** What needs to be done **
Transcribed word for word, the lines below from the one with "- 路面に水が流れているとこ" through the last line of the records form the answer; no picture is to be included.

** Data **
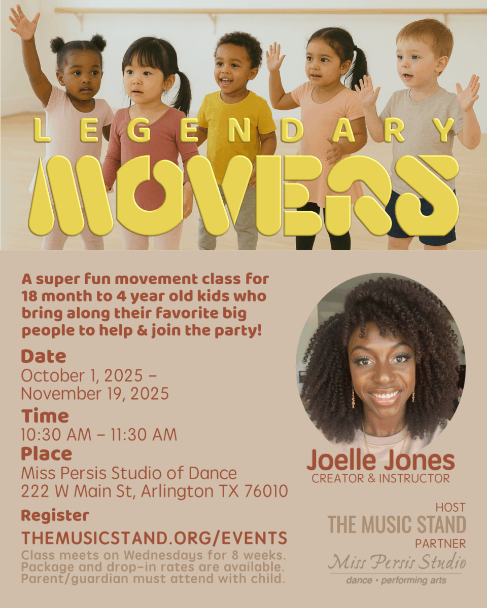 This class is a creative music education program hosted by The Music Stand in partnership with Joelle Jones and Miss Persis Studio of Dance.
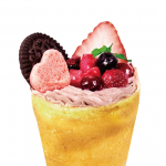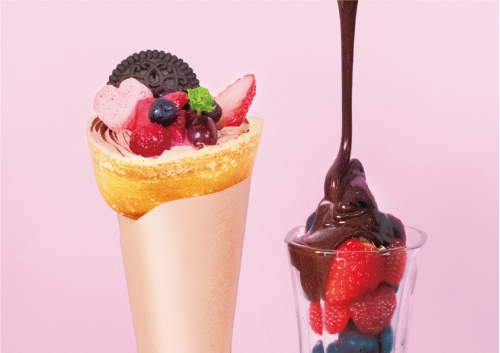 濃厚なチョコレートホイップとチョコレートソースに、甘酸っぱいベリーと苺を合わせた贅沢なクレープです。食感のアクセントにココアビスケット、トッピングにハート型のストロベリーブラウニーを添え、味も見た目もお楽しみ頂けます。
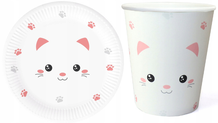 Zestaw talerzyków i kubeczków urodzinowych Kotek
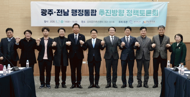 [´º½ºÅë ±è±¤¿ ±âÀÚ]±¤ÁÖ¿¬±¸¿ø°ú Àü³²¿¬±¸¿øÀº 7ÀÏ ¿ÀÈÄ ±è´ëÁßÄÁº¥¼Ç¼¾ÅÍ¿¡¼ ±¤ÁÖ¡¤Àü³² ÇàÁ¤ÅëÇÕ ÃßÁø Çʿ伺¿¡ ´ëÇÑ »çȸÀû °ø°¨´ë¸¦ È®º¸ÇÏ°í ¼º°øÀû ÅëÇÕ ¹æ¾ÈÀ» ¸ð»öÇϱâ À§ÇØ ¡®±¤ÁÖ¡¤Àü³² ÇàÁ¤ÅëÇÕ ÃßÁø ¹æÇâ Á¤Ã¥Åä·Ðȸ¡¯¸¦ °³ÃÖÇß´Ù.
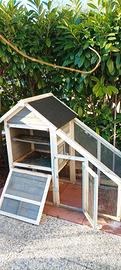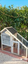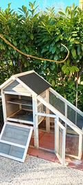 Vendo gabbia per conigli, come da foto,in legno con rete metallica, dim. 52x128x120h, tetto con guaina, porticina ingresso e finestrella scorrevole, abbeveratoio per acqua, completa n.8 mattonelle a incastro in plastica per pavimento. Acquistata nuova.
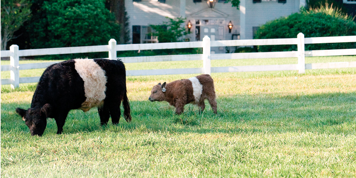 Belted Galloway cattle wander the grounds at Fearrington Village. photograph by Stacey Haines
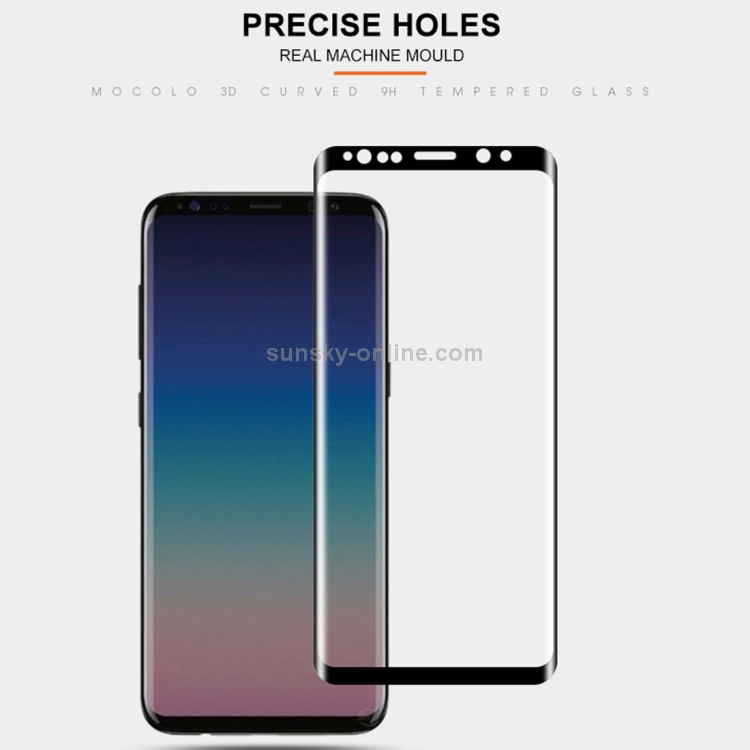 Película de Vidrio Templado Mocolo Full Glue 0.33mm 9H 3D Borde Redondo para Galaxy S9 + (Negro)
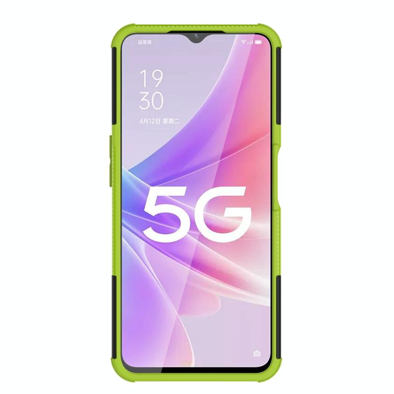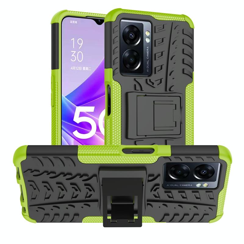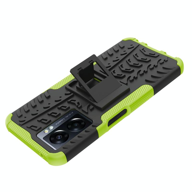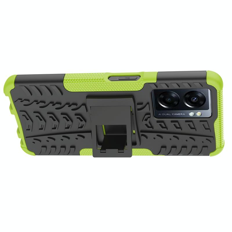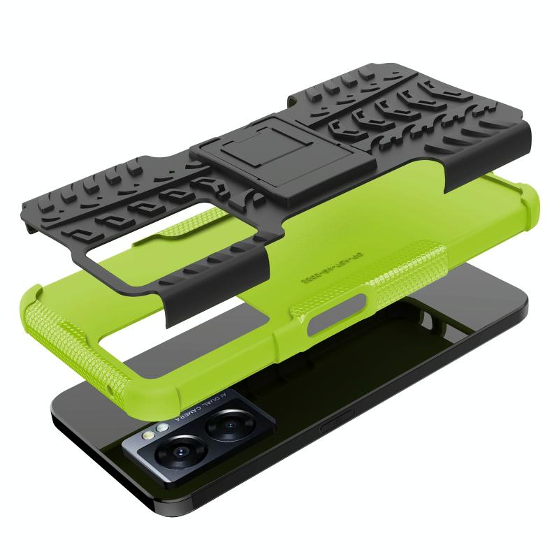 Θήκη κινητού τηλεφώνου για OPPO A57 5G / OnePlus Nord N300 με υφή ελαστικού + PC και βάση στήριξης (πράσινο)
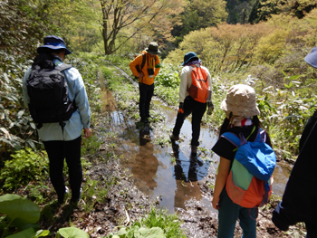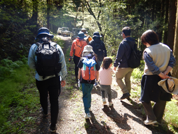 - 路面に水が流れているところや急斜面なところもありますが、子ども達も元気に歩きます。
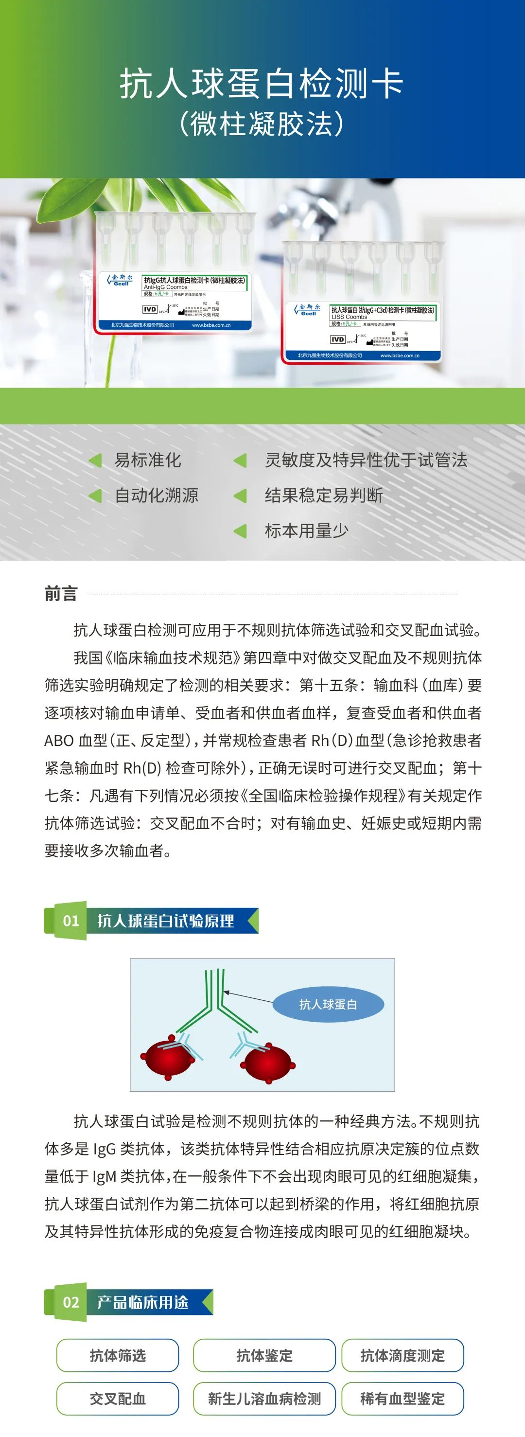 本产品用于间接抗人球卵白试验,用于交织配血,仅用于临床磨练,不必于血源筛查。
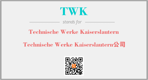 上述内容是“Technische Werke Kaiserslautern”作为“TWK”的缩写,解释为“Technische Werke Kaiserslautern公司”时的信息,以及英文缩略词TWK所代表的英文单词,其对应的中文拼音、详细解释以及在英文中的流行度和相关分类、应用领域及应用示例等。
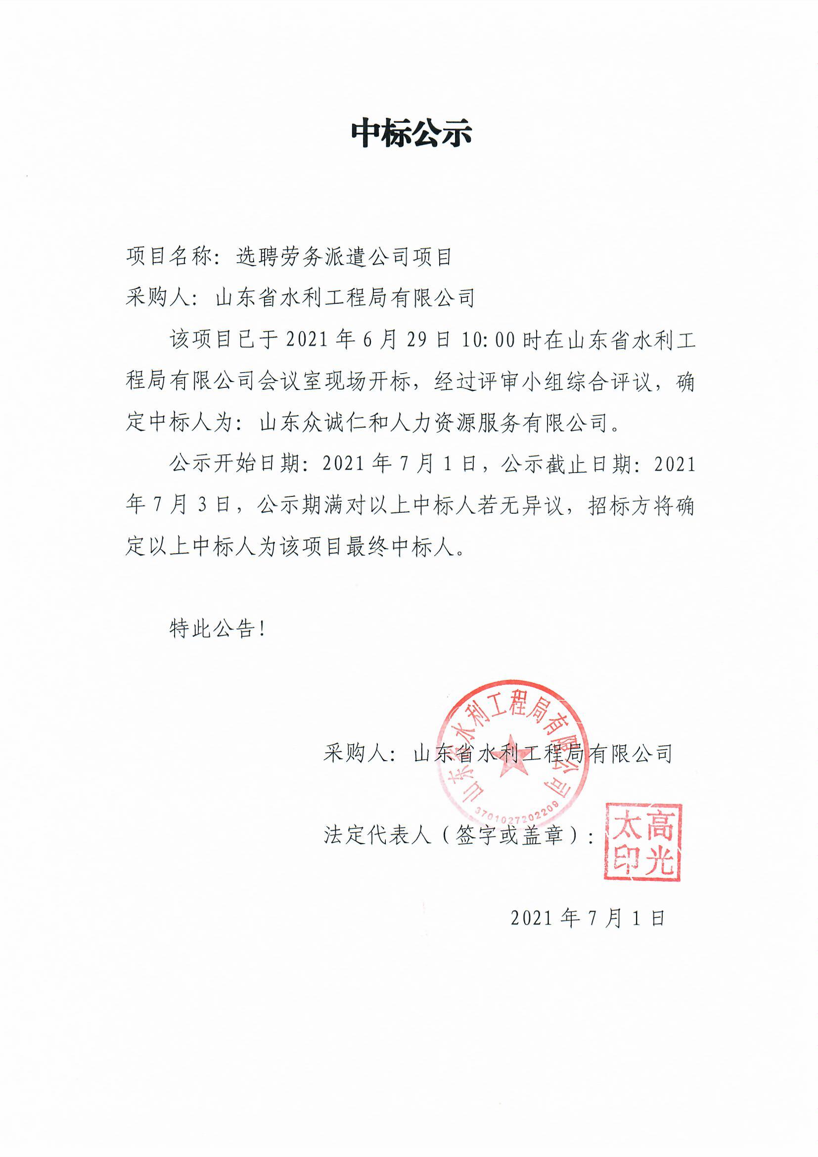 選聘勞務(wù)派遣公司項目中標(biāo)公示
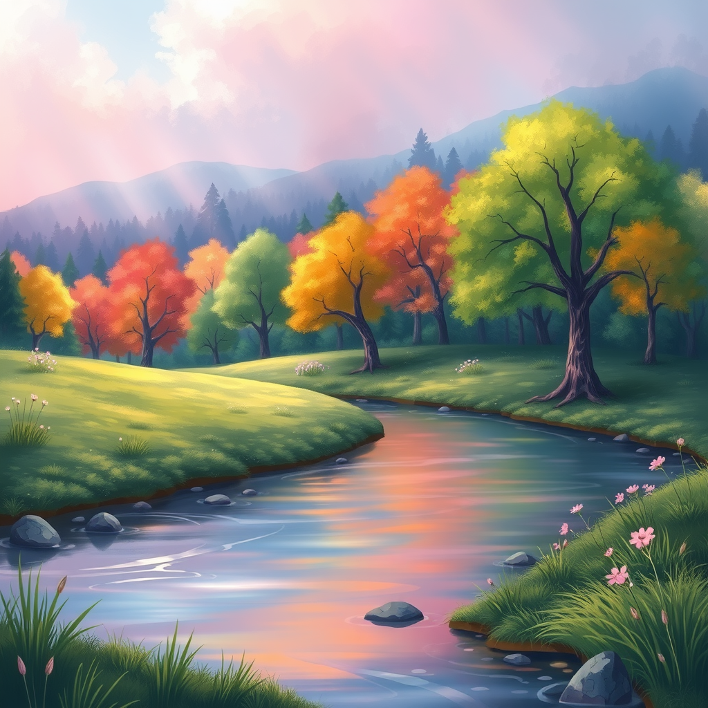 A whimsical illustration of a serene landscape that exudes tranquility and calm, featuring a vibrant, enchanted forest in the background with trees ablaze in a symphony of colors. In the foreground, a gentle river meanders gracefully, reflecting the soft glow of a pastel sky. The scene is painted in a fairy tale style, inviting a sense of magic and wonder.
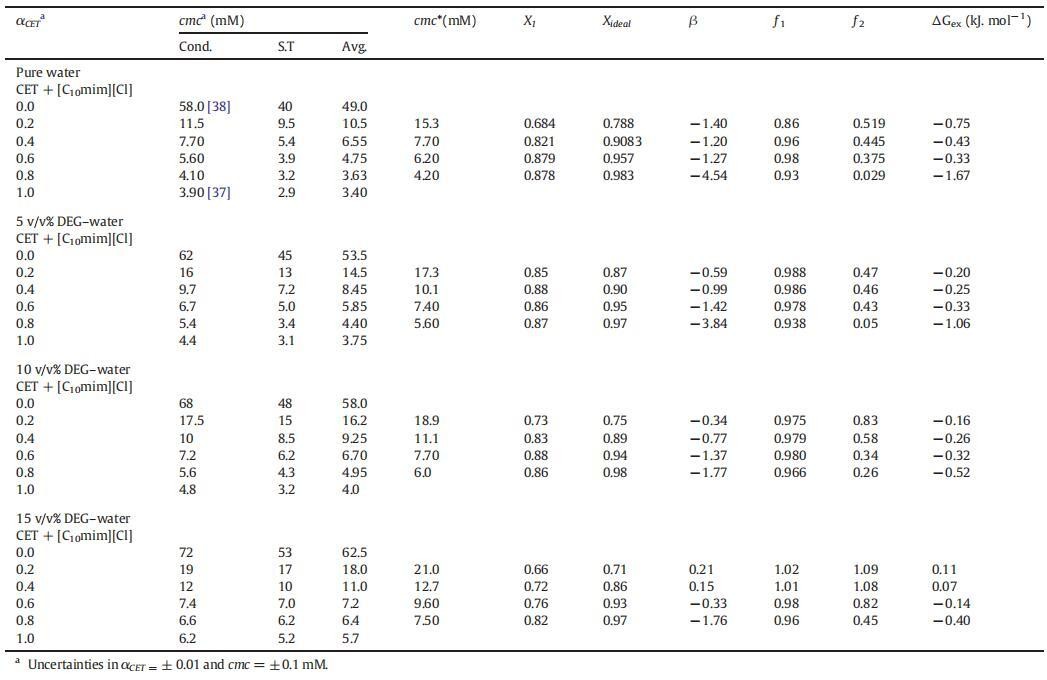 表1(cmc)、平均值(cmc)、理想值(cmc*)、胶束组成(X1,Xideal)、相互作用参数(β)的值,混合物CET+[C10min][Cl]的活度系数(ƒ1,ƒ2)和混合过量自由能(ΔGex),作为纯水中CET摩尔分数(α)的函数,以及在T=298.15 K时DEG-水二元混合物的不同体积百分比。
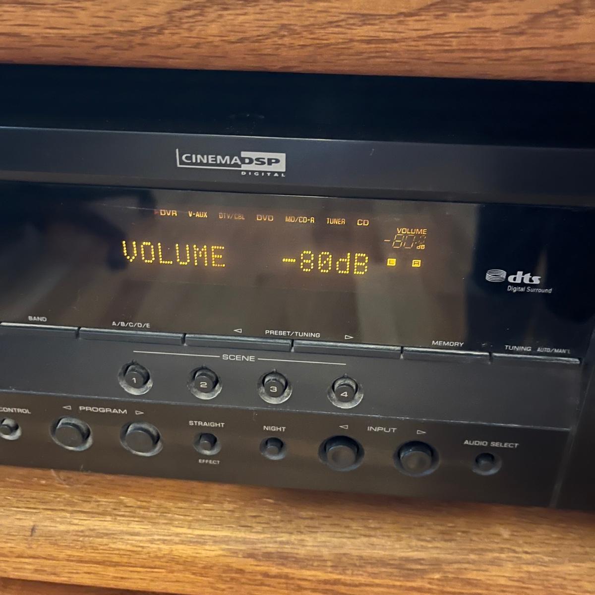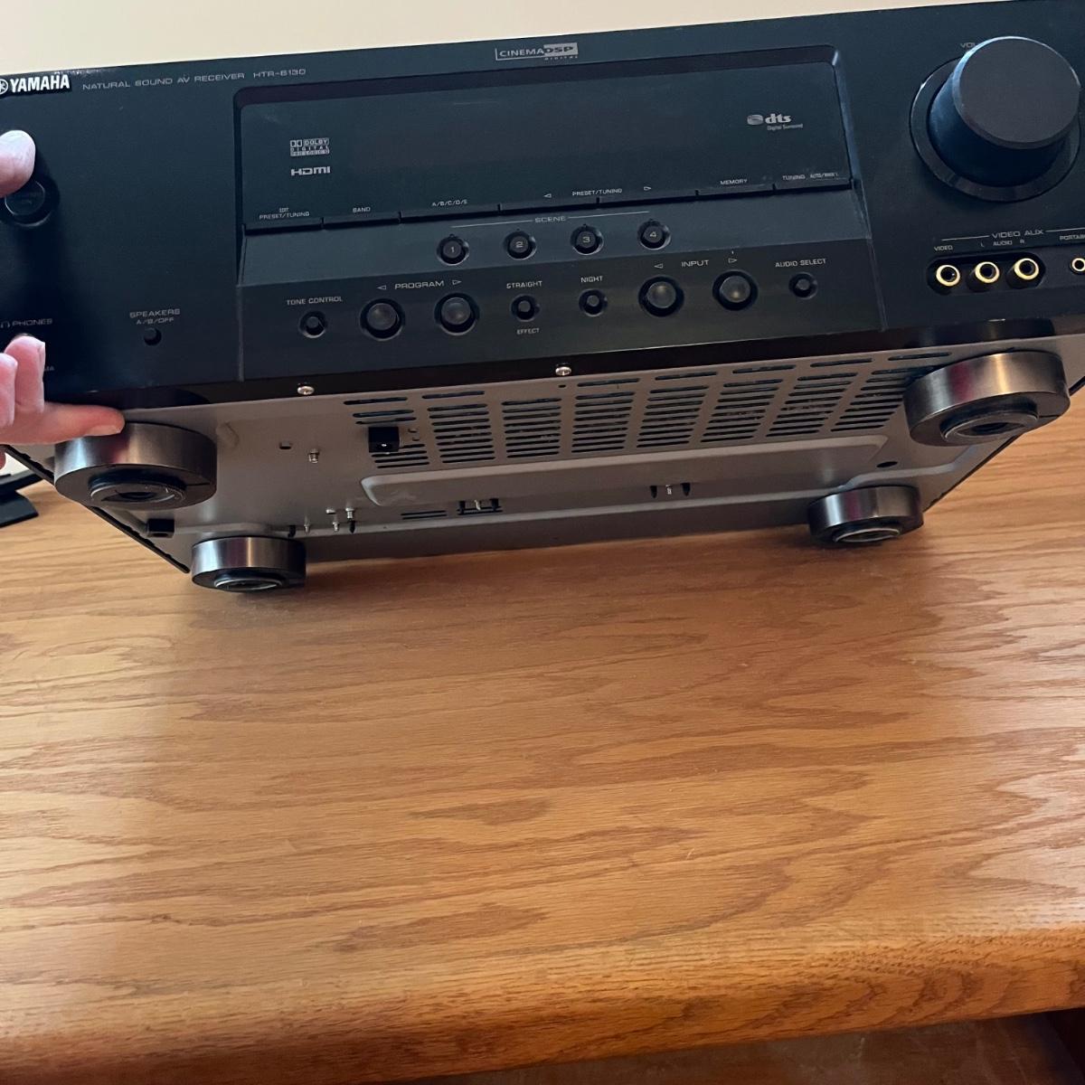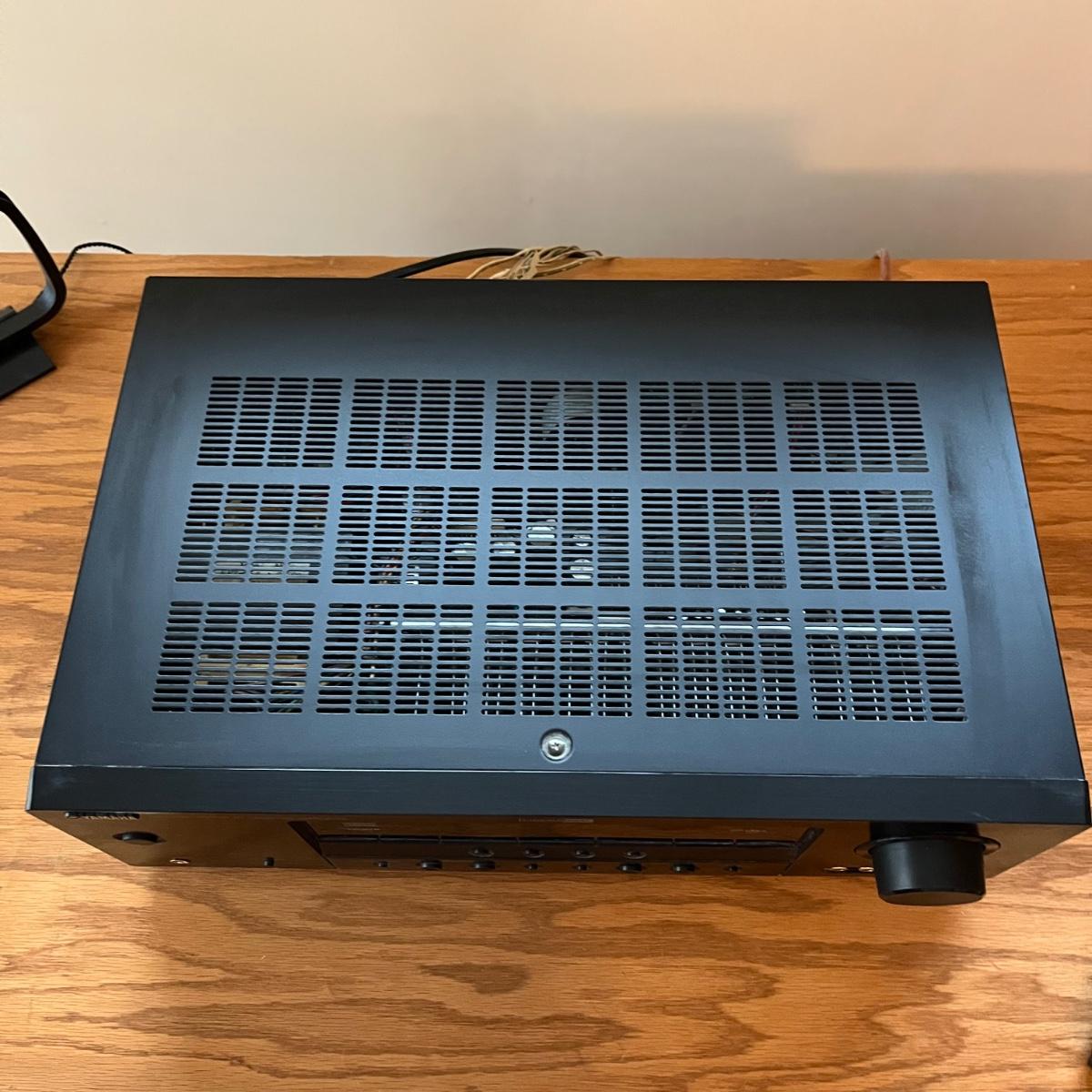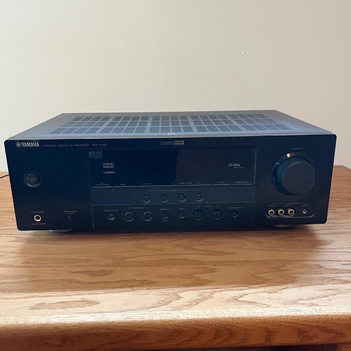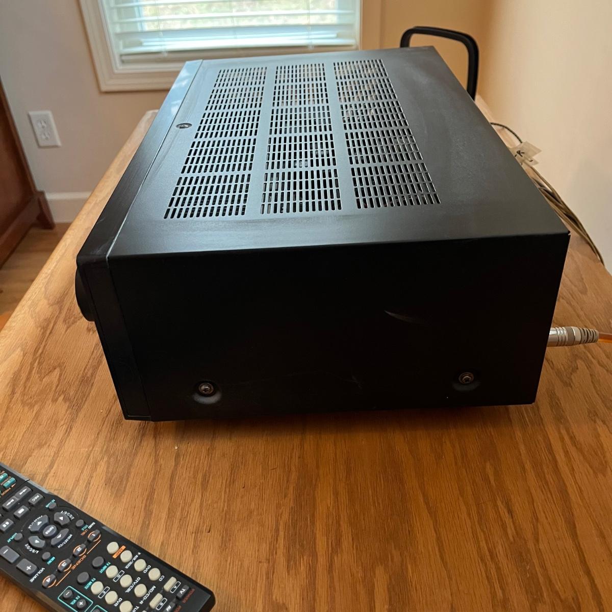 Yamaha AV Receiver measures 17” x 11.5” x 6”H. Includes an AM loop antenna and remote control. Receiver powered on when plugged in. Shipping available.

** Solved exercise **
 - 路面に水が流れているところや急斜面なところもありますが、子ども達も元気に歩きます。
 本产品用于间接抗人球卵白试验,用于交织配血,仅用于临床磨练,不必于血源筛查。
 上述内容是“Technische Werke Kaiserslautern”作为“TWK”的缩写,解释为“Technische Werke Kaiserslautern公司”时的信息,以及英文缩略词TWK所代表的英文单词,其对应的中文拼音、详细解释以及在英文中的流行度和相关分类、应用领域及应用示例等。
 選聘勞務(wù)派遣公司項目中標(biāo)公示
 A whimsical illustration of a serene landscape that exudes tranquility and calm, featuring a vibrant, enchanted forest in the background with trees ablaze in a symphony of colors. In the foreground, a gentle river meanders gracefully, reflecting the soft glow of a pastel sky. The scene is painted in a fairy tale style, inviting a sense of magic and wonder.
 表1(cmc)、平均值(cmc)、理想值(cmc*)、胶束组成(X1,Xideal)、相互作用参数(β)的值,混合物CET+[C10min][Cl]的活度系数(ƒ1,ƒ2)和混合过量自由能(ΔGex),作为纯水中CET摩尔分数(α)的函数,以及在T=298.15 K时DEG-水二元混合物的不同体积百分比。
 Yamaha AV Receiver measures 17” x 11.5” x 6”H. Includes an AM loop antenna and remote control. Receiver powered on when plugged in. Shipping available.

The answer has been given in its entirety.